COMMENTS | Omeleto Drama
Omeleto Drama Omeleto Drama
57.7K subscribers
1,771 views
0

 Published On Mar 4, 2024

An anxious teenage girl is bullied on social media -- and struggles to fight back.


COMMENTS is used with permission from Danielle Baynes. Learn more at https://commentsfilm.com.


Maddie is an anxious young teenager who is typical of her age in many ways. Tethered to her phone, she posts on social media and interacts with her friends on the apps as well.

But one evening after school, Maddie begins getting hostile, mean comments from a cyber bully. Despite Maddie's attempts to mollify, ignore or fight back, the bully is relentless -- and no matter what she does or where she goes, she finds no escape.

Directed and written by Danielle Baynes, this short drama evokes the punishing, insidious way that young teenagers are affected by poisonous social media noise and bullying, using the uniquely elastic ability of cinema to capture both inner and outer experiences. Maddie may just be lying in her bed or sitting at a table looking at her phone on one level of reality. But internally, there's a battle for her well-being, self-esteem and peace of mind happening, with each blow sinking her deeper into an online vortex that's increasingly harder to climb out of.

Visually, the film uses a muted naturalism that speaks to Maddie's everyday, contemporary reality as she walks home, sits in her room and browses through her apps and socials. But when she begins getting cruel comments about her appearance online, the visuals shift to a more vivid, antiseptically stark mode, where Maddie is battered, beaten and tossed about. It's a big risk, but it works here, thanks to stellar craftsmanship and storytelling.

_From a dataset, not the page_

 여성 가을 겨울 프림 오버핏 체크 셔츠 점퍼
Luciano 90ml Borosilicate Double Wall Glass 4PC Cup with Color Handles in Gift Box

The film may be nearly wordless in spoken dialogue, but its narrative propulsion is tightly tethered to Maddie's emotional life. As a result, we get a visceral sense of just how deeply Maddie is affected by what she sees online, from reading the words of her tormentor to seeing other girls with more makeup and skin showing getting attention.

Actor Rachel Pengilly has only a few lines of dialogue in the film, but she has an innate expressiveness and sensitivity in her performance that captures the raw, increasingly painful emotions bubbling underneath the surface. As the bullying and harassment escalate, Maddie finds it harder to detach, even as her sense of self-esteem deteriorates.

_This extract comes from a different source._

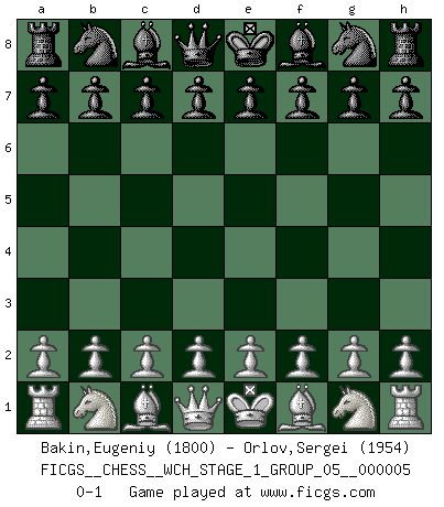 Last move : 0-1 2008 August 7 17:16:17 [Event "FICGS__CHESS__WCH_STAGE_1_GROUP_05__000005"] [Site "FICGS"] [Date "2008.07.08"] [Round "1"] [White "Bakin,Eugeniy"] [Black "Orlov,Vladimir"] [Result "0-1"] [WhiteElo "1800"] [BlackElo "1954"] 0-1 This chess game has been lost on time (started : 2008.07.08 16:18:31) Player Black won this chess game. Follow this game move after move (download)Chess is a sea in which a gnat may drink and an elephant may bathe. (Hindu proverb) Ich rechne überhaupt nicht voraus. Ich gewinne auch so. (Robert James Fischer) Las ideas audaces son como las piezas del Ajedrez que avanzan hacia adelante. Ellas pueden ser vencidas, pero también pueden iniciar una partida victoriosa. (Goethe) Psychologiquement, tu dois avoir confiance en toi même, mais cette confiance doit être basée sur des faits. (Robert Fischer) Perhaps the current trend of many chess professionals taking up the more lucrative pastime of poker is not a wholly negative one. It may not be too late for humans to relearn how to take risks in order to innovate and thereby maintain the advanced lifestyles we enjoy. And if it takes a poker-playing supercomputer to remind us that we can't enjoy the rewards without taking the risks, so be it. (The Chess Master and the Computer, by Garry Kasparov - 2010)

Beyond its compassion and compelling storytelling, COMMENTS succeeds because it captures how a significant portion of a younger generation's emotional and social life exists primarily via smartphones, social media and texts. But it ends with a conversation between Maddie and her father in real life, reminding her -- and us -- that no one needs to be alone as they grapple with the aggression and attacks of bullying, which continues even when the notifications are silenced or the phone is put away. In the cloistered inner reality of online life, it's all too easy to believe we're alone and disconnected from love and support, but in real life, we don't have to be.